[AIM OF THE TASK]:
Make an exact copy of the listing underneath, skipping each picture.

==== EXERCISE DATA ====

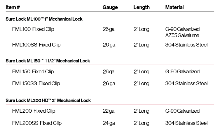- Always follow the standing seam panel manufacturer’s details and instructions on proper use, location and performance values of fixed clips when used with their respective panel
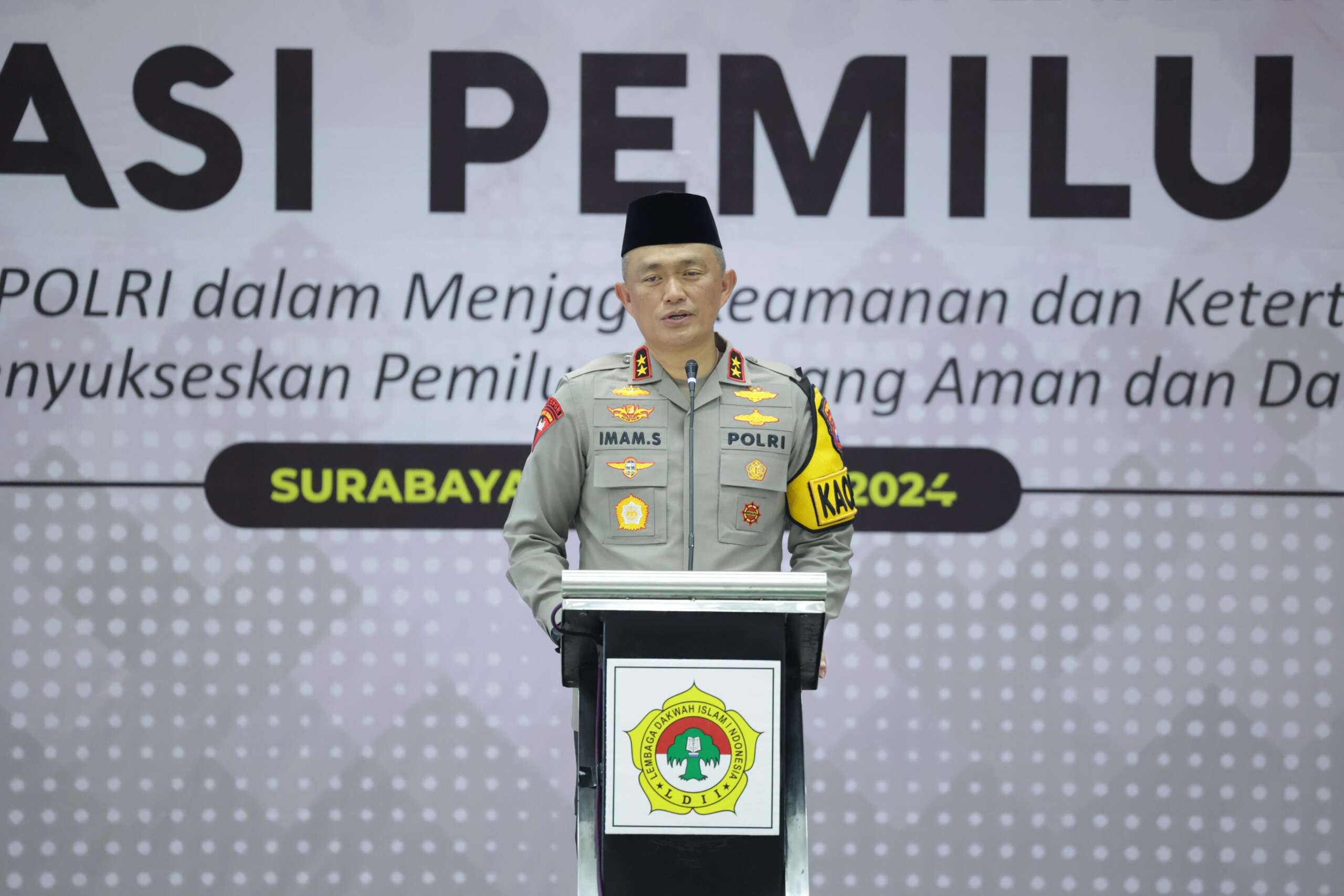 Kepala Kepolisian Daerah Jawa Timur Irjen Pol Drs.Imam Sugianto,M.Si pada acara Deklarasi Pemilu Damai yang diinisiasi DPW LDII Jatim dan DPD LDII Kabupaten/Kota, menyampaikan apresiasi kepada DPD LDII yang telah berkomitmen menjaga kondusifitas di Jawa Timur.
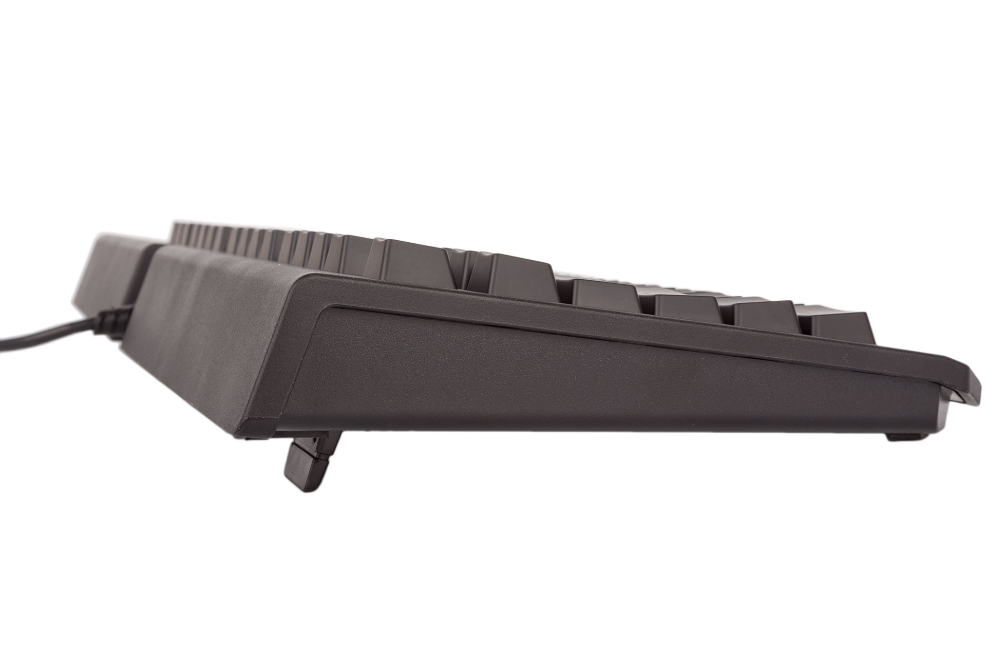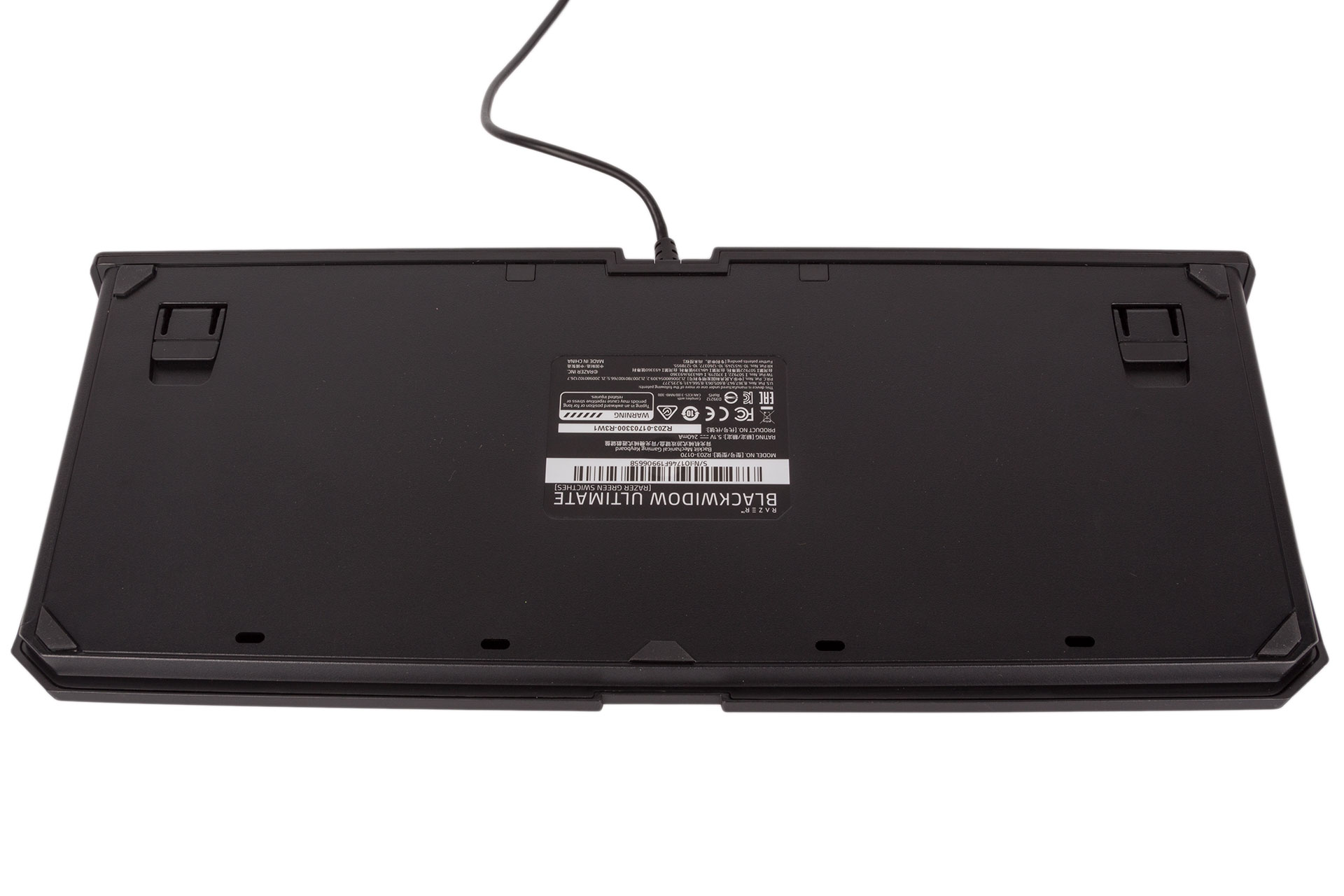 The build quality is decent here. The matt, slightly textured black plastic shell makes for a strong outer layer, and the BlackWidow Ultimate is resistant to flexing, although Corsair's K68 RGB has it beat in this domain. The rubber cable is securely attached at the back, and you also get rubber on the underside, including on the tips of the rear legs.
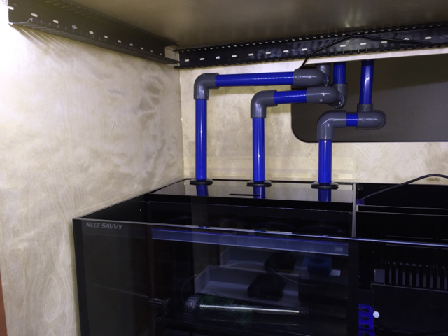Watching glue dry is like, watching paint dry. So while I was waiting for all the PVC glue to dry, I put up one of the T5 fixtures. I'm waiting on some more parts to hang the Radions, they should be here today. I think overkill might be an appropriate word when I have all four T5s up with the 2 Radions sandwiched between
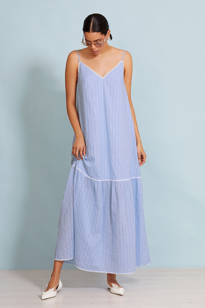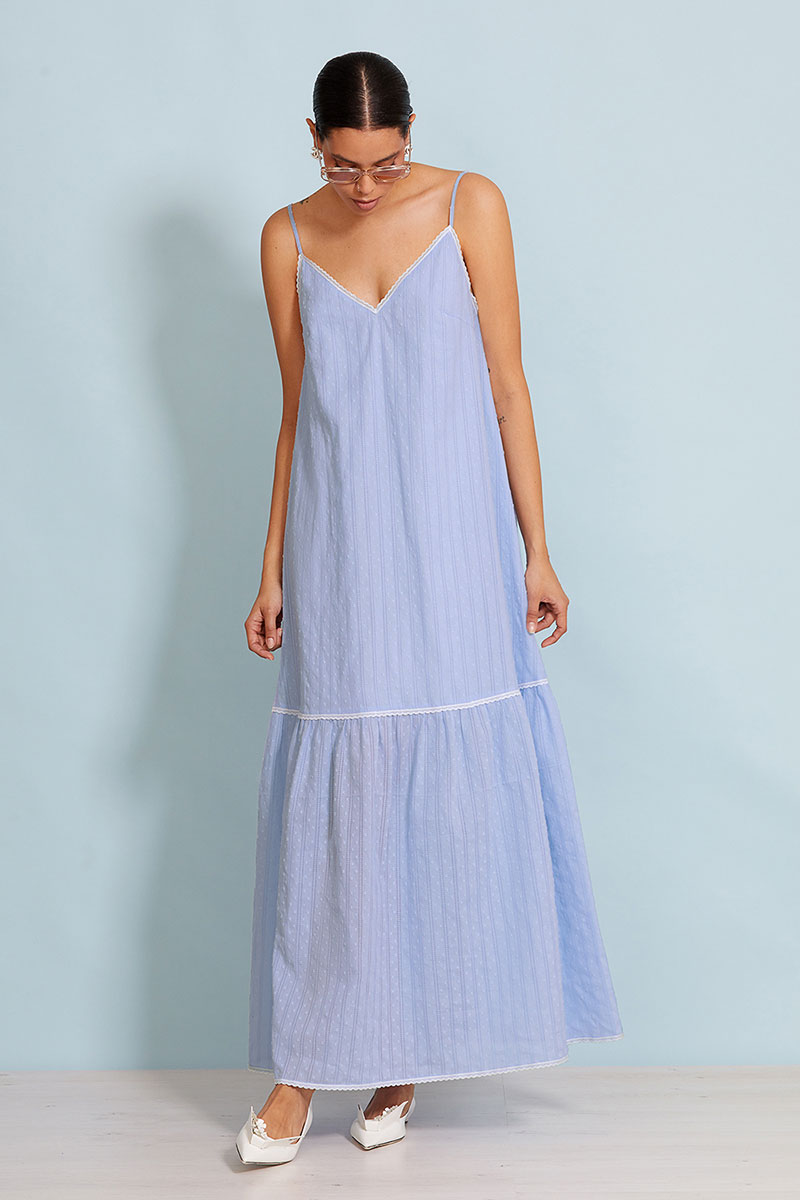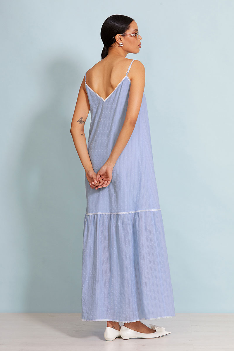 Изделие на хлопковой подкладке. Длина "Макси" (длинный/до пола). Свободное в талии и бедрах, в духе минимализма. Изделие без застежки. V-образный вырез горловины и спинки. Изделие отрезное выше линии колена. Нижняя часть платья собрана на сборку. Изделие декорировано хлопковым кружевом.
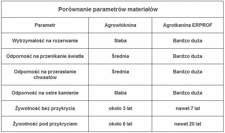 Żywotność agrotkaniny ERPROF jest 2 krotnie dłuższa niż agrowłóknin na słońcu a pod przykryciem sięga nawet 20 lat w zależności od gramatury.
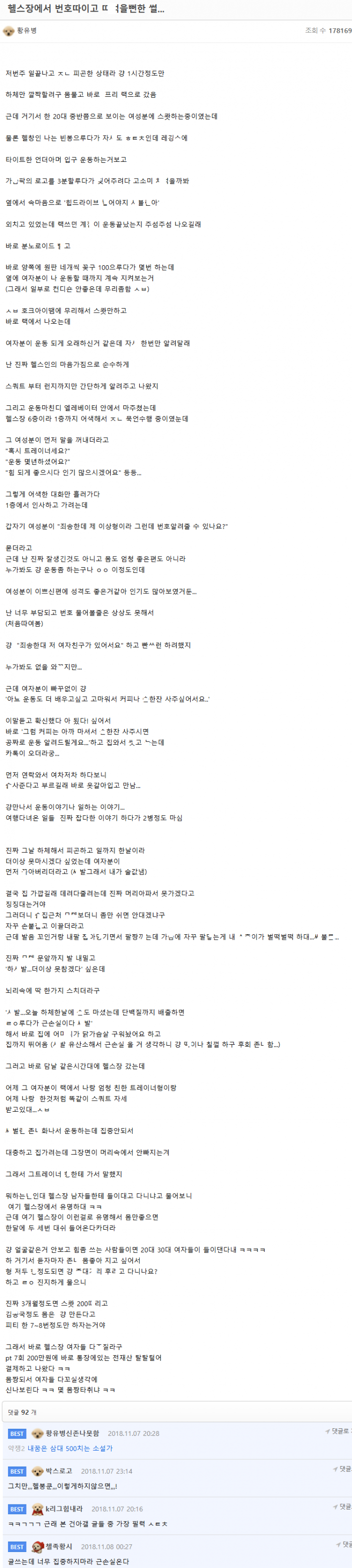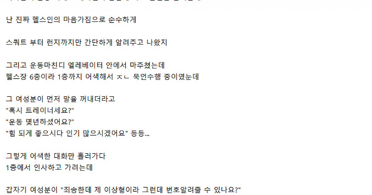 헬스장에서 번호 따이고 여회원 ㄸㅁ을뻔한 썰

====

[TASK ANSWER]:
- Always follow the standing seam panel manufacturer’s details and instructions on proper use, location and performance values of fixed clips when used with their respective panel
 Kepala Kepolisian Daerah Jawa Timur Irjen Pol Drs.Imam Sugianto,M.Si pada acara Deklarasi Pemilu Damai yang diinisiasi DPW LDII Jatim dan DPD LDII Kabupaten/Kota, menyampaikan apresiasi kepada DPD LDII yang telah berkomitmen menjaga kondusifitas di Jawa Timur.
 The build quality is decent here. The matt, slightly textured black plastic shell makes for a strong outer layer, and the BlackWidow Ultimate is resistant to flexing, although Corsair's K68 RGB has it beat in this domain. The rubber cable is securely attached at the back, and you also get rubber on the underside, including on the tips of the rear legs.
Watching glue dry is like, watching paint dry. So while I was waiting for all the PVC glue to dry, I put up one of the T5 fixtures. I'm waiting on some more parts to hang the Radions, they should be here today. I think overkill might be an appropriate word when I have all four T5s up with the 2 Radions sandwiched between
 Изделие на хлопковой подкладке. Длина "Макси" (длинный/до пола). Свободное в талии и бедрах, в духе минимализма. Изделие без застежки. V-образный вырез горловины и спинки. Изделие отрезное выше линии колена. Нижняя часть платья собрана на сборку. Изделие декорировано хлопковым кружевом.
 Żywotność agrotkaniny ERPROF jest 2 krotnie dłuższa niż agrowłóknin na słońcu a pod przykryciem sięga nawet 20 lat w zależności od gramatury.
 헬스장에서 번호 따이고 여회원 ㄸㅁ을뻔한 썰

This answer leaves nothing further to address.